Based on the forecast, sales for February 2002 will be $17,063 (Australian dollar).
model_B_forecast <- forecast(souvenir_model_B, h = 14)
pander(model_B_forecast$mean, caption = "Souvenir Sales Forecasts from January 2001 to February 2002", split.table = Inf)
| Â | Jan | Feb | Mar | Apr | May | Jun | Jul | Aug | Sep | Oct | Nov | Dec |
|---|---|---|---|---|---|---|---|---|---|---|---|---|
| 2001 | 9780 | 13243 | 20442 | 15144 | 16225 | 16996 | 19894 | 19591 | 21864 | 24530 | 40145 | 86909 |
| 2002 | 12601 | 17063 | NA | NA | NA | NA | NA | NA | NA | NA | NA | NA |
model_A_forecast <- forecast(souvenir_model_A, h = 14)
pander(accuracy(model_A_forecast, souvenir_valid.ts), caption = "Accuracy of Model A on Souvenir Sales", split.table = Inf)
|  | ME | RMSE | MAE | MPE | MAPE | MASE | ACF1 | Theil’s U |
|---|---|---|---|---|---|---|---|---|
| Training set | -5.684e-14 | 5365 | 3205 | 6.968 | 36.75 | 0.8559 | 0.4048 | NA |
| Test set | 8252 | 17452 | 10055 | 10.53 | 26.67 | 2.685 | 0.3206 | 0.9076 |
pander(accuracy(model_B_forecast, souvenir_valid.ts), caption = "Accuracy of Model B on Souvenir Sales", split.table = Inf)
|  | ME | RMSE | MAE | MPE | MAPE | MASE | ACF1 | Theil’s U |
|---|---|---|---|---|---|---|---|---|
| Training set | 197.5 | 2865 | 1671 | -1.473 | 13.94 | 0.4463 | 0.4381 | NA |
| Test set | 4824 | 7101 | 5192 | 12.36 | 15.52 | 1.386 | 0.4245 | 0.461 |
plot(souvenir_valid.ts, main = "Forecasting Monthly Sales by Shop X in Queensland, Australia in 2001", xlab = "Month", ylab = "Sales (Australian Dollars)", type = "n", xaxt = "n", yaxt = "n", bty = "l")
lines(souvenir_valid.ts, col = "black")
lines(model_A_forecast$mean, col="#FCC02A", lwd = 2)
lines(model_B_forecast$mean, col="#008080", lwd = 2)
axis(1, at = seq(2001,2001+11/12, 1/12), labels = c("Jan.", "Feb.", "Mar.", "Apr.", "May", "Jun.", "Jul.", "Aug.", "Sep.", "Oct.", "Nov.", "Dec."))
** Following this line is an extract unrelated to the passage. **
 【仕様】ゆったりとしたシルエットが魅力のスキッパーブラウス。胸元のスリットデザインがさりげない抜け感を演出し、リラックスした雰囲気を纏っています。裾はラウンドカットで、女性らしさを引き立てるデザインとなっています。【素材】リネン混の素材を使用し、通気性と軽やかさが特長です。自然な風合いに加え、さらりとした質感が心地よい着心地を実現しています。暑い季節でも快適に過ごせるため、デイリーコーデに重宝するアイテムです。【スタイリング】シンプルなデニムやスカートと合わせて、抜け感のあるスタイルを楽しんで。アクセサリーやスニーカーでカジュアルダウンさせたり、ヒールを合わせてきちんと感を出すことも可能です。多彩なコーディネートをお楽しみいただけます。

axis(2, at = seq(0, 125000, 25000), labels = format(seq(0, 125000, 25000), las = 2))
legend(x = "topleft", legend = c("Souvenir sales", "Model A", "Model B"), col = c("black", "#FCC02A", "#008080"), lty = c(1, 1), bty = "n")
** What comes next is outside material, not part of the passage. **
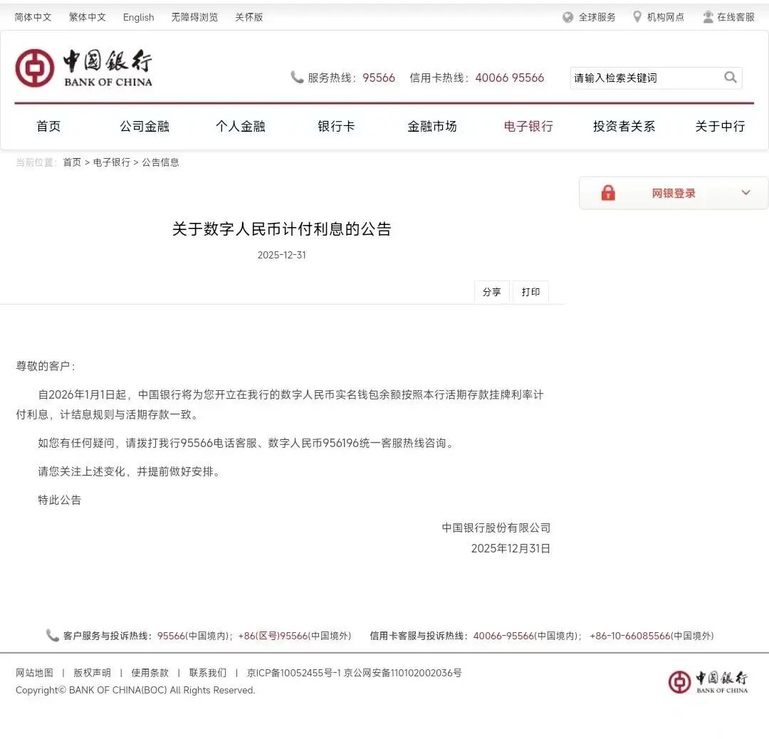 每经记者|张寿林 每经编辑|程鹏 张益铭 明天起,数字人民币实名钱包余额将开始计息。 12月31日,中国银行、工商银行、农业银行、建设银行、交通银行、邮储银行六家国有大行相继发布公告称,2026年1月1日起,将为开立在该行的数字人 民币实名钱包余额按照该行活期存款挂牌利率计付利息,计结息规则与活期存款一致。 重要公告 关于数字人民币计付利息的公告 尊敬的客户: 自2026年1月1日起,中国工商银行将为您开立在我行的数字人民币实名钱包余额按照本行活期存款挂牌利率计付利息,计结息规则 与活期存款一致。 如您有任何疑问,请拨打我行95588电话客服、数字人民币956196统一容服热线咨询。 感谢您长期以来对我行数字人民币业务的关心和支持! 中国工商银行股份有限公司 2025年12月31日 【关闭窗口】 关于数字人民币计付利息的公告 尊敬的客户: 自2026年1月1日起,中国农业银行将为您开立在我行的数字人民币变名钱包余额按照本行活期存款挂牌利率计付利息,计结 息规则与活期存款一致。 如您有任何疑问,请拨打我行95599客服电话,或者数字人民币956196统一客服热线咨询。 感谢您长期以来对我行数字人民币业务的关心和 ...

When plotting actual monthly souvenir sales in 2001 against the forecasts from Model A and Model B, we can see that Model B is more preferable forecast model as it hugs actual results closer than Model A. Also, from the summary tables above, not only does Model B have a greater adjusted R-squared value (1 compared to 0.7476) but Model B also has lower MAPE (15.52 to 26.67) and MASE (1.386 to 2.685) values.